6. The “Please, Pay Attention to Me” Argument
What it’s Really About: You’re feeling taken for granted by your partner when they ignore you.
Why it’s Silly: The story you were telling probably wasn’t the most important conversation in the world.
Advice for Ending it: Keep a sense of perspective. It’s just one moment among many you’ll spend together. “Don’t allow small issues to escalate into bringing up past, bigger issues,” Cravens Pickens said. ”Being upset that your partner answered a call during a serious conversation should not lead to one person bringing up the fact that ‘you are always on your phone when I am talking to you, and just last week, etc.’”
7. The “You Sit So Far Away From Me” Spat
What it’s Really About: You spend a lot of time together but it’s not meaningful. There’s a lack of emotional intimacy and connection between partners.
Why it’s Silly: It’s possible to read too much into body language. Sometimes people need their space.
Advice for Ending it: Schedule some quality time together and make a genuine attempt to connect through shared interests. “One of the first things I like to ask is ‘when was the last time you went on a date together?’” Lambert said. “Are you doing things together? Do you have hobbies or activities or are you going out and having fun with friends?”
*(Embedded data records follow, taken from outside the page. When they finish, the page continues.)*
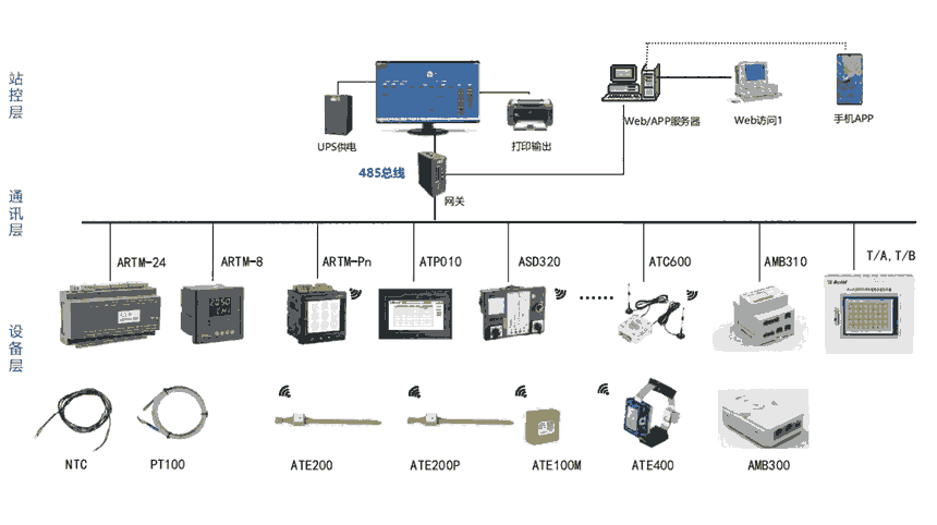 说明:触摸屏通过 RS485 总线连接多个 ATC200 实现开关柜温度集中显示,每个触摸屏可接20只ATC200,每个ATC200可接12只有源无线温度传感器。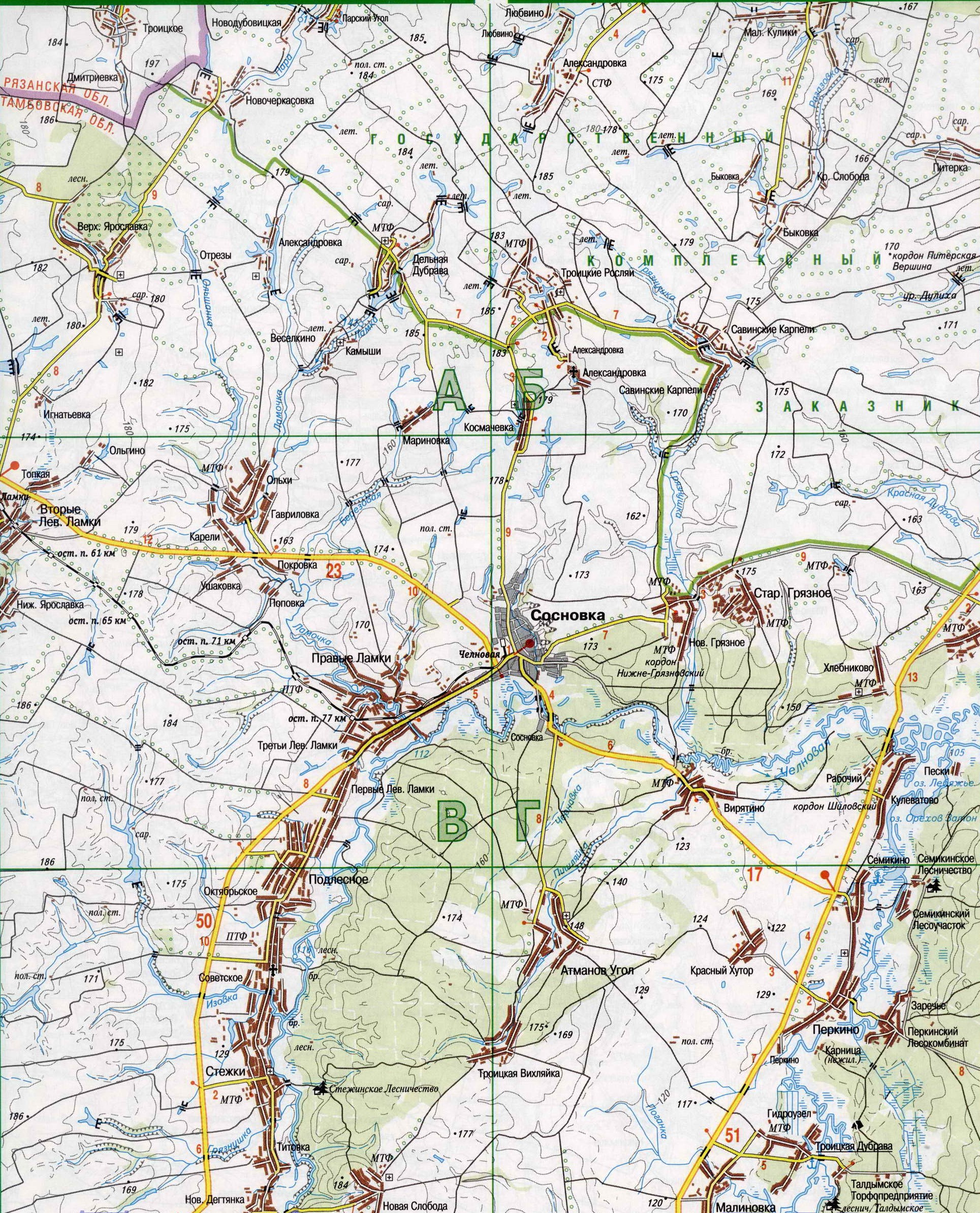 Карта Сосновского района (Тамбовская область)
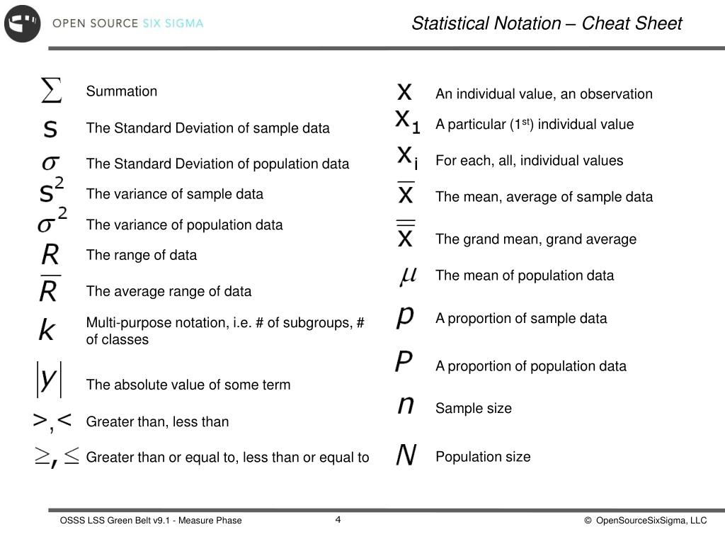 Summation An individual value, an observation A particular (1st) individual value The Standard Deviation of sample data For each, all, individual values The Standard Deviation of population data The variance of sample data The mean, average of sample data The variance of population data The grand mean, grand average The range of data The mean of population data The average range of data A proportion of sample data Multi-purpose notation, i.e. # of subgroups, # of classes A proportion of population data The absolute value of some term Sample size Greater than, less than Population size Greater than or equal to, less than or equal to Statistical Notation – Cheat Sheet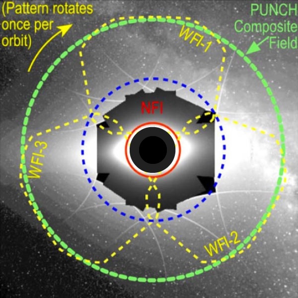 | PUNCH’s trefoil imaging pattern, near field imager, and composite field. The mission’s website is really quite informative and worth a look. |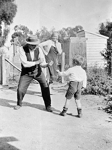 A man sparring with a small boy. A woman watches, laughing. There is an outside toilet in the background.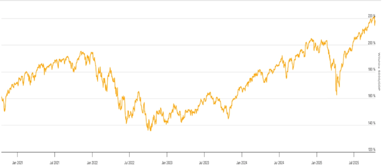 Americký akciový trh zaznamenal jeden z nejsilnějších šestiměsíčních růstů v historii, což má za následek rekordní valuace. Technologické společnosti už tvoří přes 40 % tržní kapitalizace indexu S&P 500 a takzvaný Buffettův indikátor naznačuje, že je americký trh jako celek prakticky nejdražší v historii. Buffettův indikátor je poměr celkové tržní kapitalizace všech akcií k hrubému domácímu produktu dané země. Pokud je výrazně nad 100 %, signalizuje to, že jsou akcie nadhodnocené vůči velikosti ekonomiky, tedy že trh být ve fázi bubliny. Pravděpodobnost prudkých korekcí pak roste.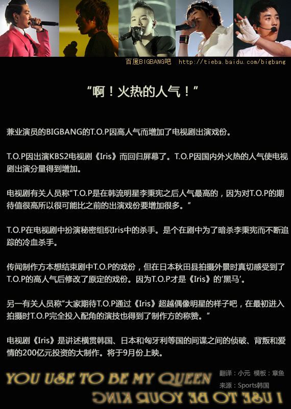 This isn’t the first time the two Big Bang members have been on screen. T.O.P., the oldest in the band, debuted in the 2007 KBS-TV drama "I Am Sam" and is currently shooting KBS-TV’s "Iris". Seungri, the youngest in the group, was the main character in the musical "Sonagi" last year. He also appeared in "Why Did You Come To My House", a movie starring Kang Hye-jung released last month.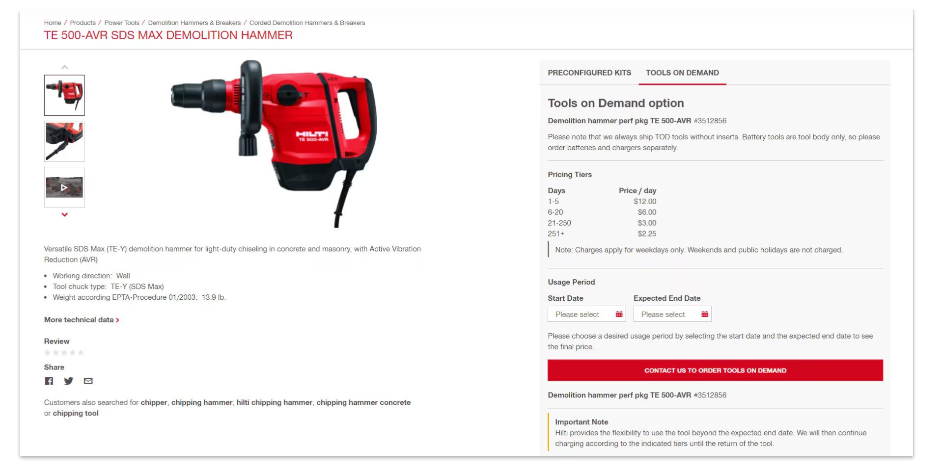 大幅減少你的實際工具總支出,並消除從一個站點到另一個站點移動工具的軟成本,為你提供最大化生產力和利潤的機會。立即聯絡我們,開始使用喜利得的工具短租服務。

8. The “What Does Your Mother Want Now?” Dust Up
What it’s Really About: When in-laws are constantly underfoot, you feel like you have no control over your life. You married out of love, not because you wanted to live out scenes from Everybody Loves Raymond in real life.
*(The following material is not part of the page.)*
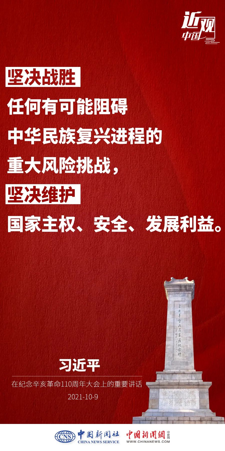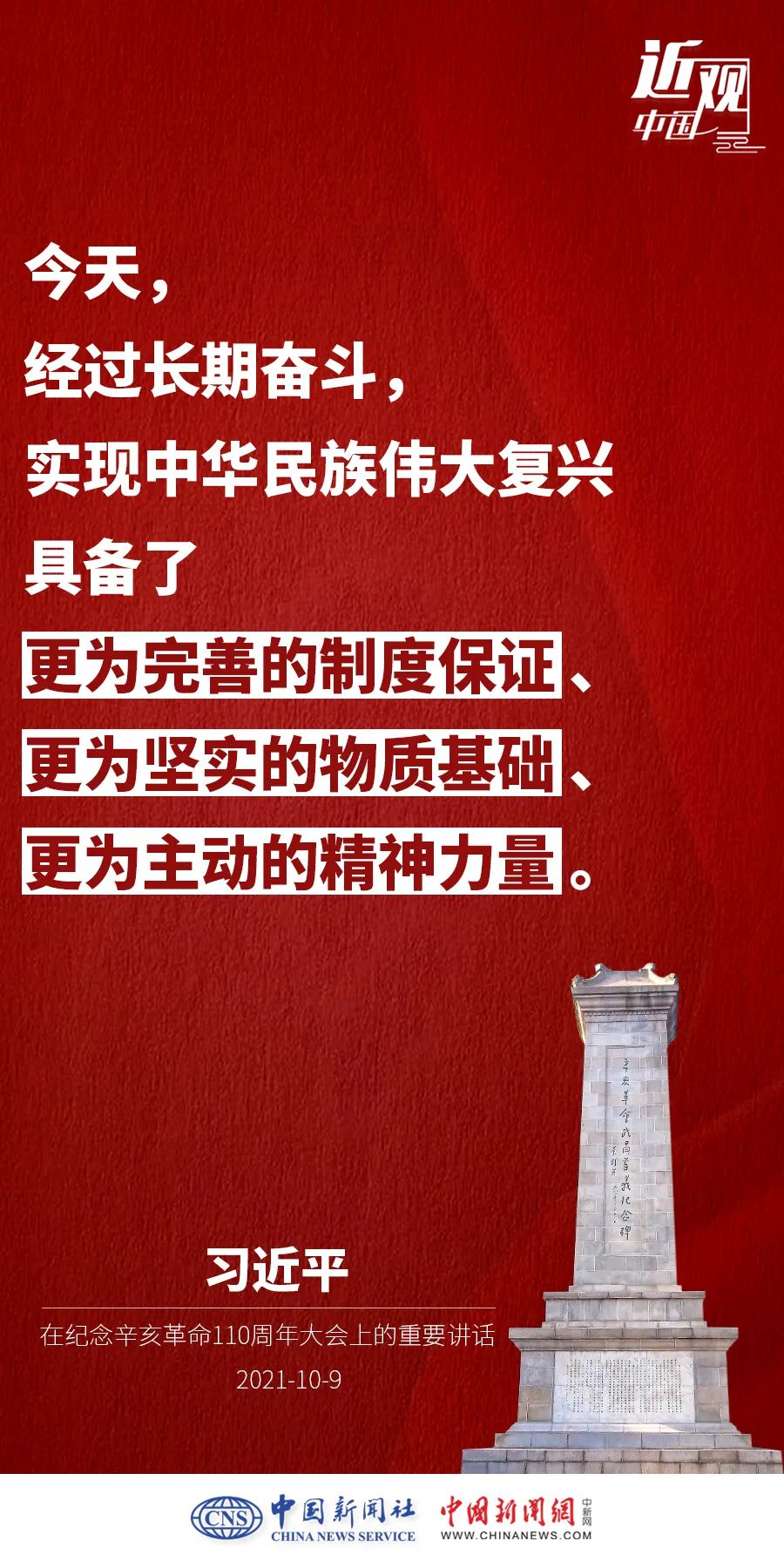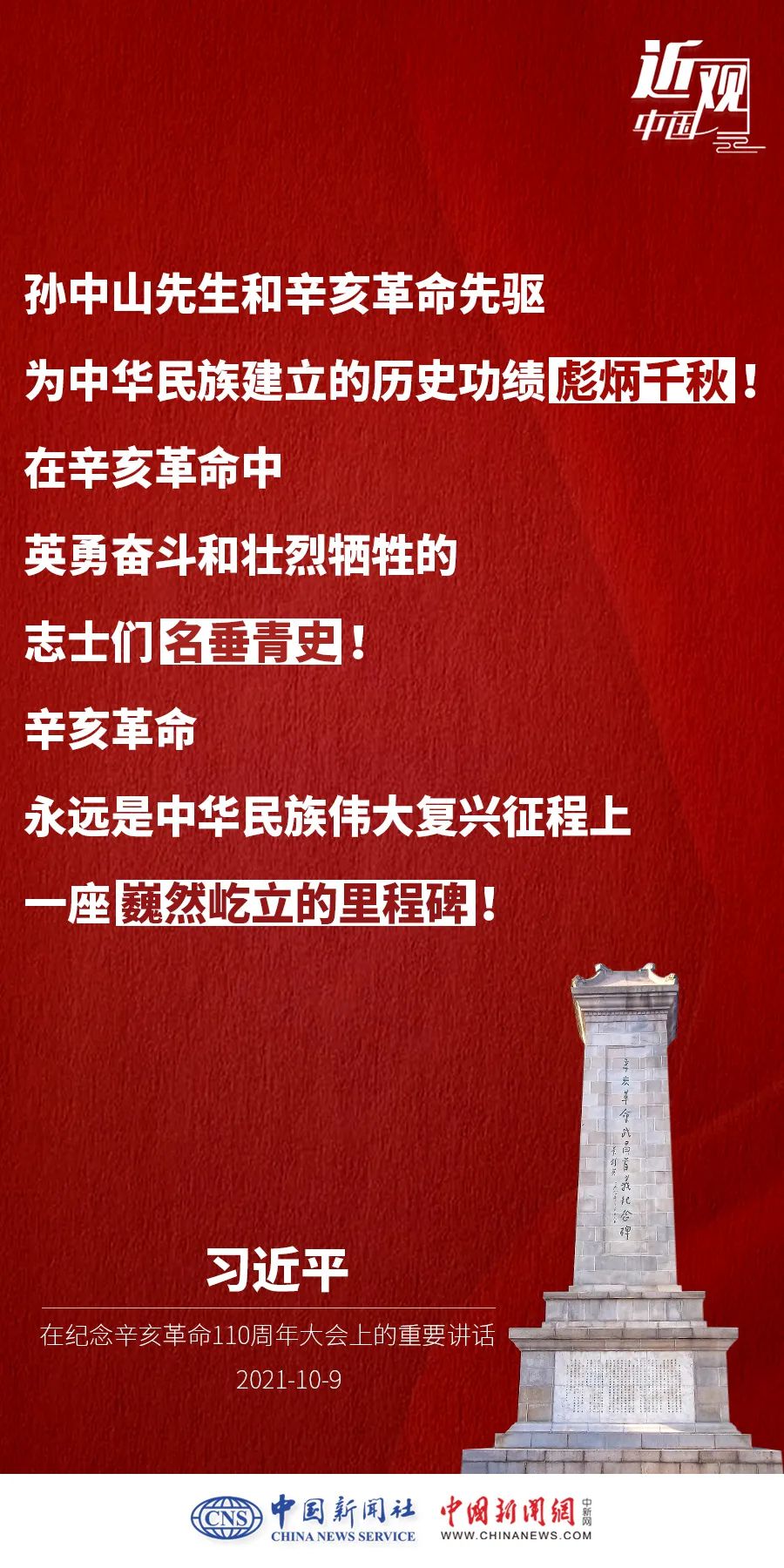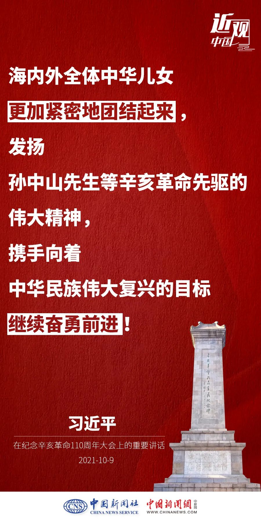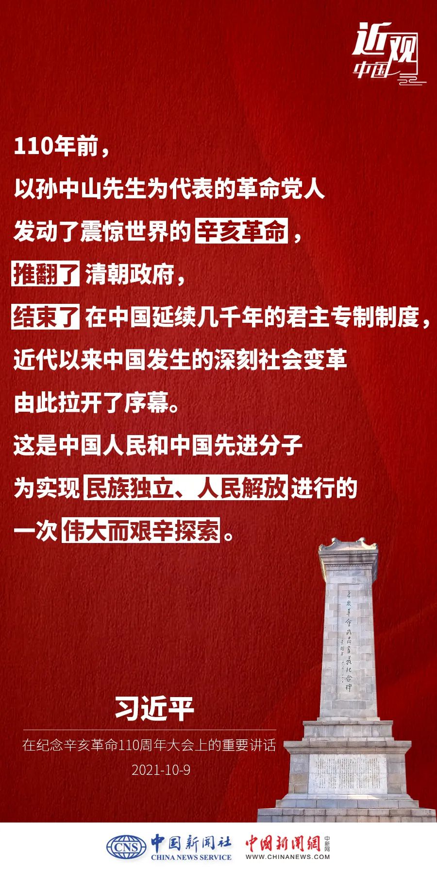 紀(jì)念辛亥革命110周年大會(huì)10月9日舉行,中共中央總書記、國(guó)家主席、中央軍委主席習(xí)近平出席并發(fā)表重要講話。他強(qiáng)調(diào)——

Why it’s Silly: You’re all family and want the best for each other.
Advice for ending it: You and your partner have to work together to set boundaries. That will involve some compromises and communication. “Not to sound too general but communication is probably the number one issue that pops up into the office,” Lambert said. “And that really has a lot to do with whether they’re sharing their feelings and listening to one another.”